### Supplied data
*** Begin section ***
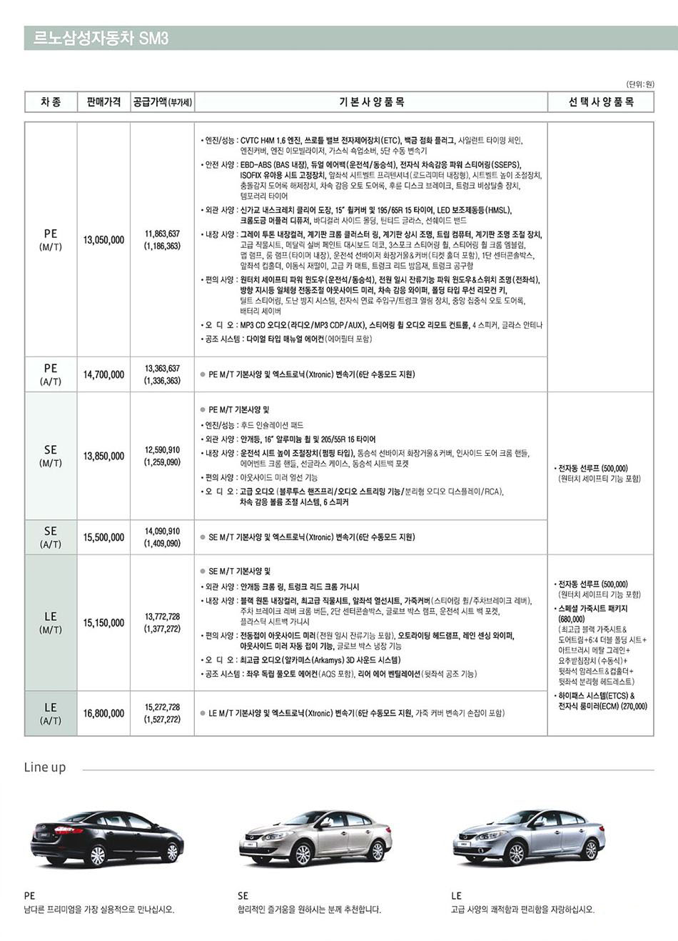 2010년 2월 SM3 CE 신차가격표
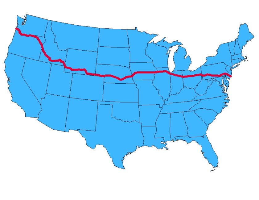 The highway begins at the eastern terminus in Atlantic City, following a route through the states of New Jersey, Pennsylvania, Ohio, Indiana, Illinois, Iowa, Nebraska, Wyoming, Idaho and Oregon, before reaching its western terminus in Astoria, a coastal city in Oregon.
*** End section ***
*** Begin section ***
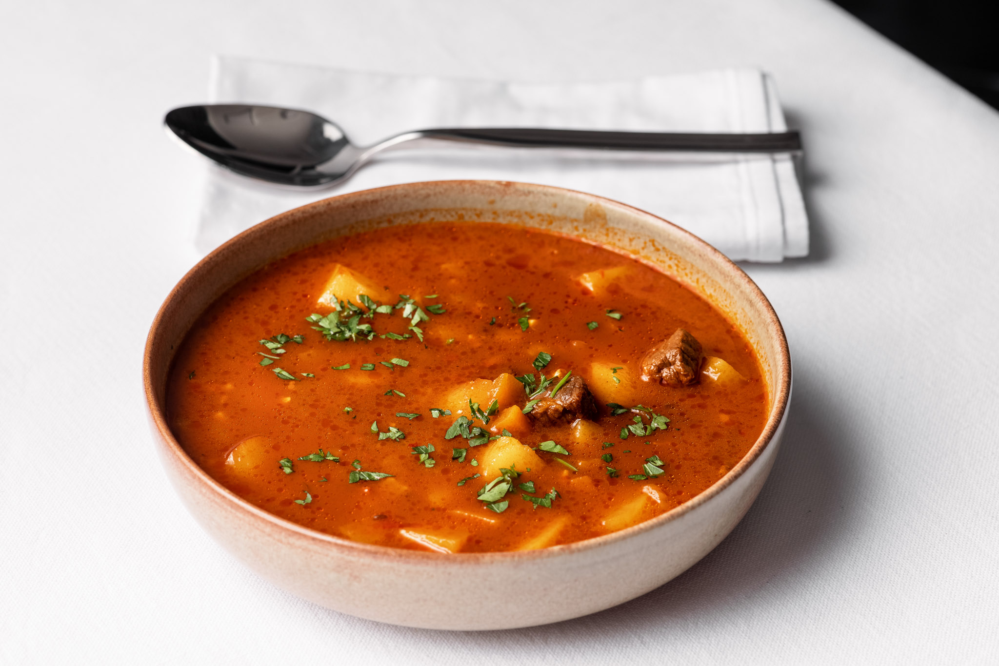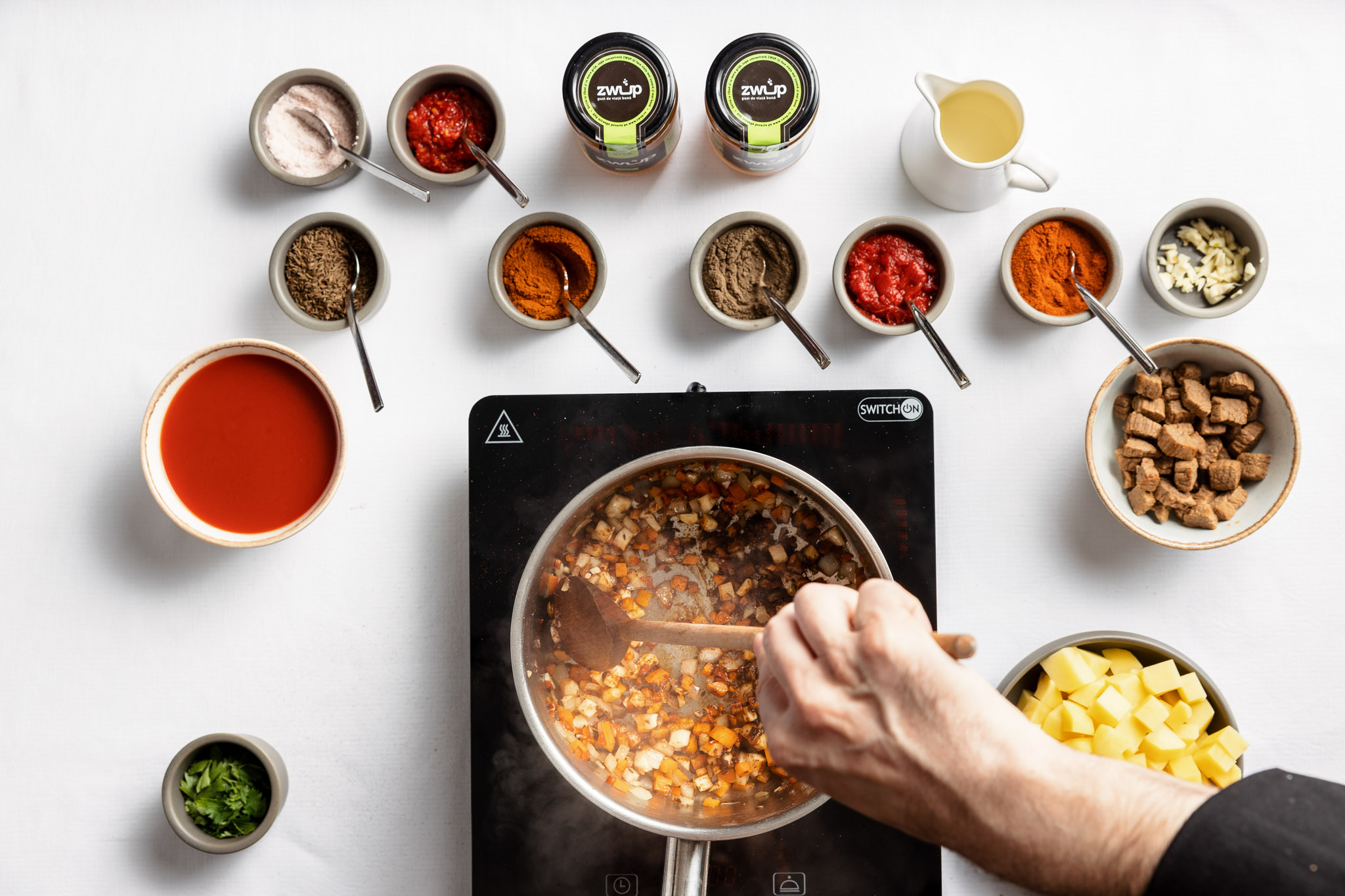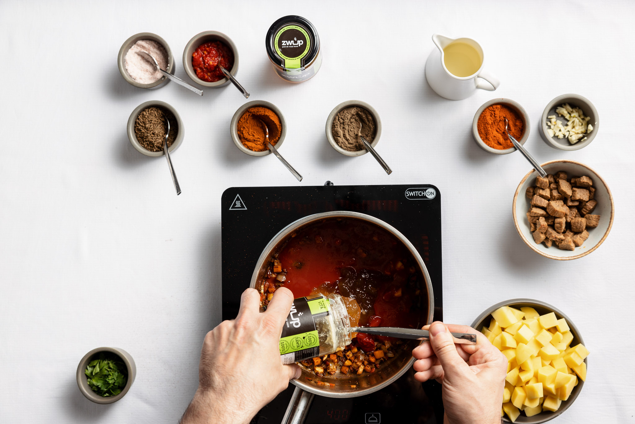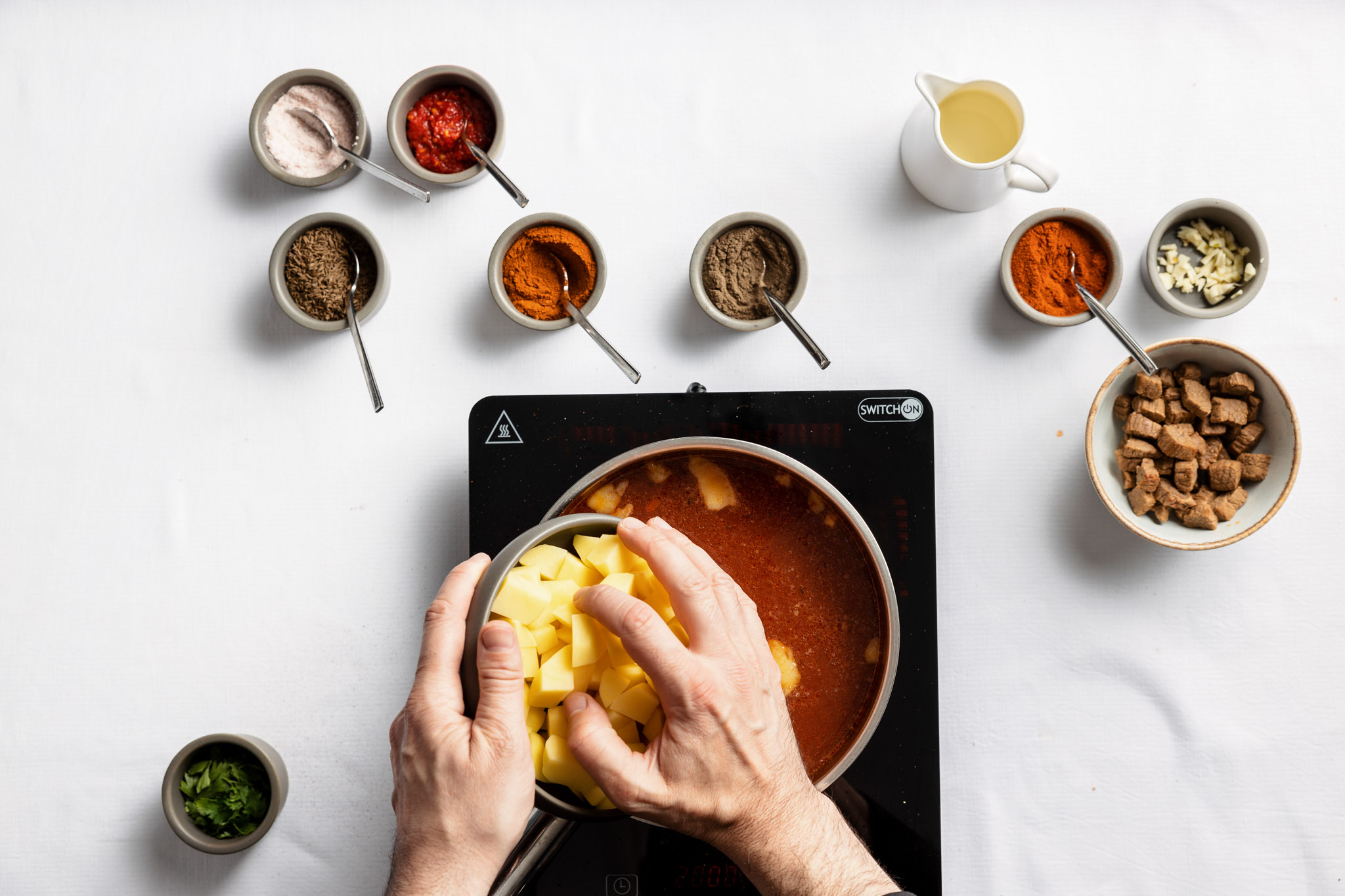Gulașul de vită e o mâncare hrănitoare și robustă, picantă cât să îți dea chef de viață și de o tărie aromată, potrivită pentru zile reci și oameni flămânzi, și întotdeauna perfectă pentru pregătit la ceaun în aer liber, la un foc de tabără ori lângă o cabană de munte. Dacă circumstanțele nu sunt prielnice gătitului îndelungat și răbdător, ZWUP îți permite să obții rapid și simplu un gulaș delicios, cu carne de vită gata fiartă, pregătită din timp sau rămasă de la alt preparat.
*** End section ***
Would you copy the lines above exactly, starting with the one that has "2010년 2월 SM3 CE 신차가격표" and ending with the one that has "The highway begins", both included, without the pictures?

### Solution to this problem
 2010년 2월 SM3 CE 신차가격표
 The highway begins at the eastern terminus in Atlantic City, following a route through the states of New Jersey, Pennsylvania, Ohio, Indiana, Illinois, Iowa, Nebraska, Wyoming, Idaho and Oregon, before reaching its western terminus in Astoria, a coastal city in Oregon.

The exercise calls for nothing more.